The first section of the book is really the novel at its best. I was taken with much of the writing, and enjoyed many individual quotes about physics and other things, for example :
I didn't go further and say that I want to know everything because of the high probability that if you know everything there'll be something to actually believe in.
 Or this description about the weather :
Monday morning and the sky is the colour of sad weddings.

Or the description of a feeling Ariel experiences :
On days like this I do not feel afraid of death or pain. I don't know if it's tiredness, the book, or even the curse, but today as I walk through this housing estate, there's a feeling inside me like the potential nuclear fission of every atom in my body: a chain reaction of energy that could take me to the limits of everything. As I walk along, I almost desire some kind of violence: to live, to die, just for the experience of it. I'm so hyped up that suddenly I want to fuck the world or be fucked by it. Yes, I want to be penetrated by the shrapnel of a million explosions. I want to see my own blood.
I don't know whether others will like these quotes, but personally I found them insightful. I could have sat here and listed many other quotes but I decided to stop at 3.

There was just a lot I liked about the opening of this book, the elusive cursed book, the academic setting and the character of Ariel herself, someone I felt I understood. I believe that detractors of this book have called it pretentious and pseudo-intellectual, but, having so recently levelled that accusation at Ali Smith's 'There But For The' I can safely say that Scarlett Thomas's 'The End Of Mr Y' bears no comparison to it. Instead, my position is that the book is incredibly intelligent and so is, clearly, its author. Where it succeeds and mightily over the former book, is that its storytelling is king. It is not a book trying to be clever, making some redundant point about society that might have been interesting ten years ago, it is actually genuinely clever. For there to be a fictional tale about a woman on a journey of discovery in a fourth dimension, a fantasy, magical realism tale; that pulls off discussions on quantum physics and philosophy, existential and otherwise, making them integral to as opposed to harming the story is a feat indeed. However, if you don't want your mind seriously taxed by difficult questions of science and existence, it would be best avoided.
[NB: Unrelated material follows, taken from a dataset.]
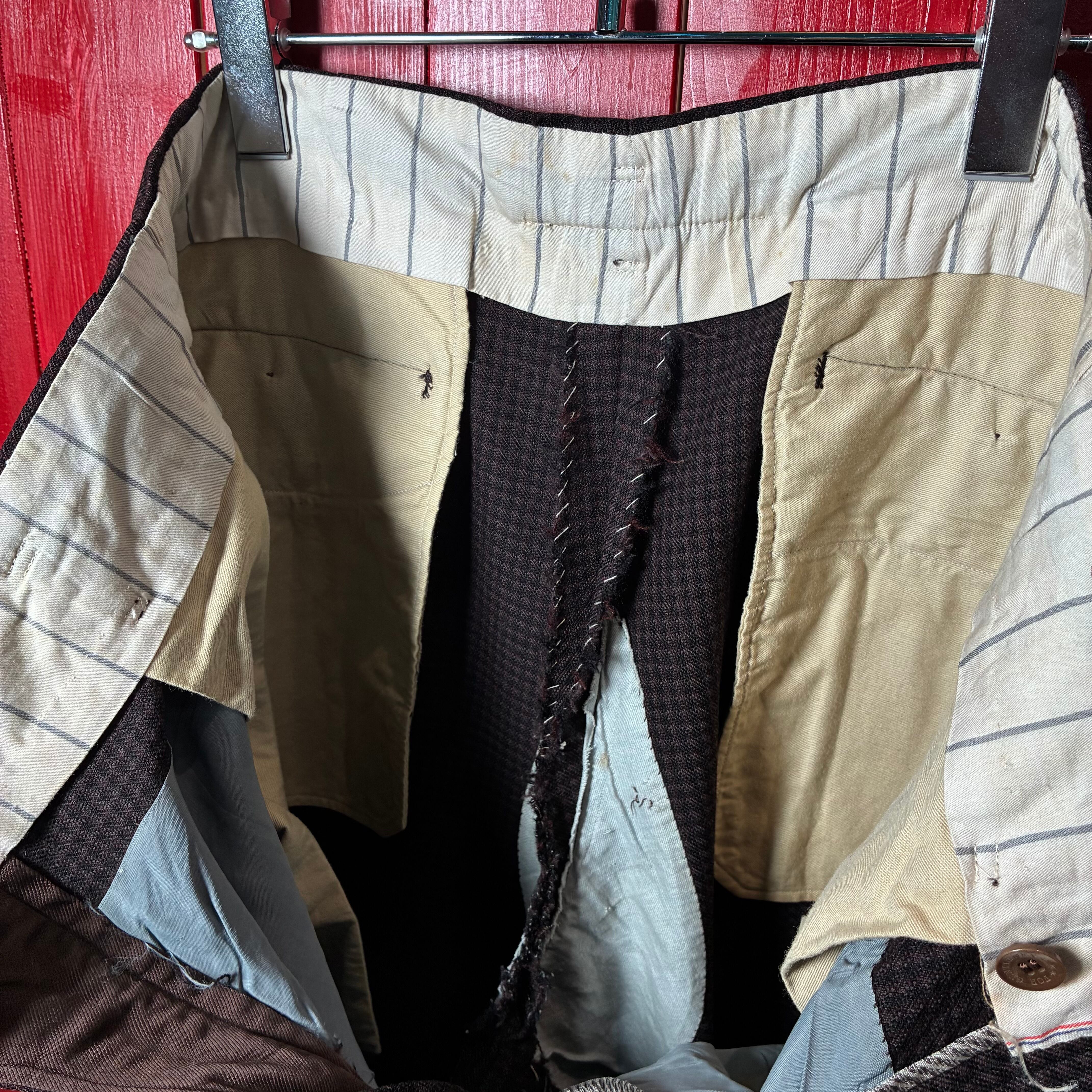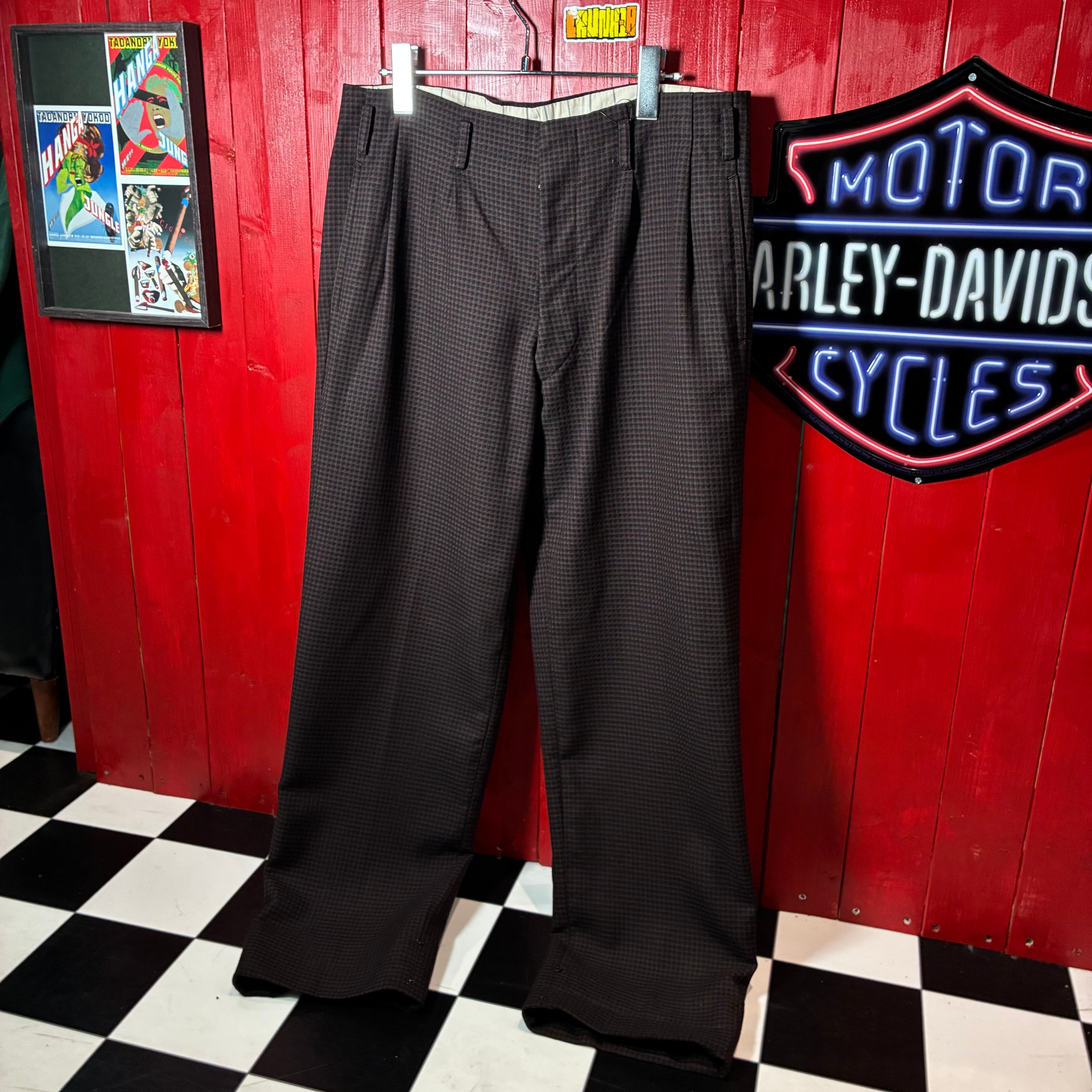 ヴィンテージ スラックス 70s 2タック TALONジップ ブラウン チェック ワイドパンツ

The middle third is somewhat difficult bearing the similarities it did to 1980's computer games and virtual reality with shades of the 1999 film 'The Matrix'. It faltered somewhat for me in this section, though I did like the concept of "Pedesis" which is brought in at this stage.

Though I have seen criticism of the ending and expected something awful I was blown away by it. Whilst looking back near the beginning of the book after completion, I noticed a foreshadowing that I had not done on the first read. This book is ABSOLUTELY a novel which bears re-reading, not least for its philosophical and theoretical concepts which are worth further exploration. I read Paradise Lost about a year ago, and this book along with others I have read this year including Mirror, Mirror and The Vintner's Luck has clearly taken some inspiration from Milton's epic poem. I think once you've read a classic like Milton you start to see his impact everywhere. I loved the ending, loved it, and would argue down and defend it against detractors.
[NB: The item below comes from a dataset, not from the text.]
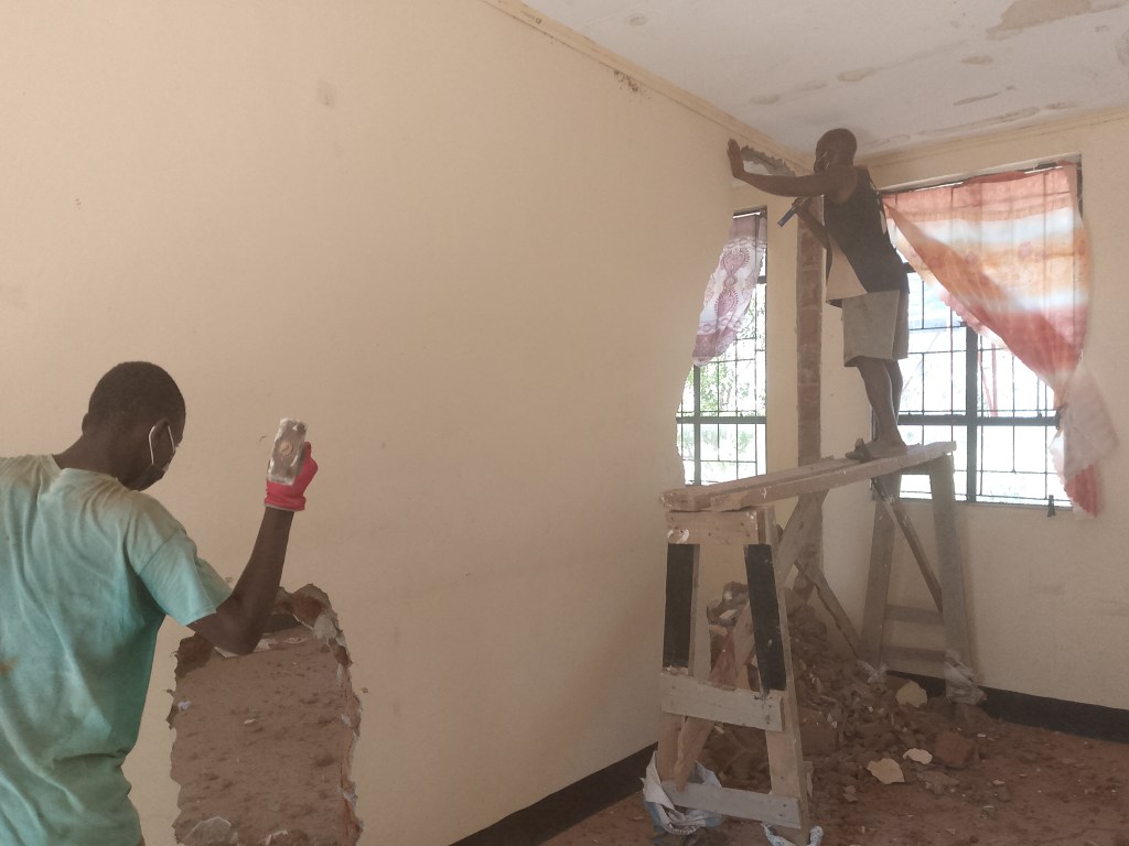 We had a prayer service that included all staff, the pastor (also our school director) and the student prefects in charge of religion. After that we started assembling furniture and moving things in. We even got ceiling fans for the four offices. Below is the song sung during the prayer service to ask for blessings on the office and work done there.

Responses to The End Of Mr Y are very clearly polarised and I would say that this is a book you will either fall in love with or detest, fortunately I am of the former camp. And though reader responses to Thomas's other novels 'Popco' and 'Our Tragic Universe' are equally polarised I look forward to reading them with serious enthusiasm.

For me this is a Read This: 10/10 book, but I have the objectivity to recognise that for some people this book may be the exact opposite.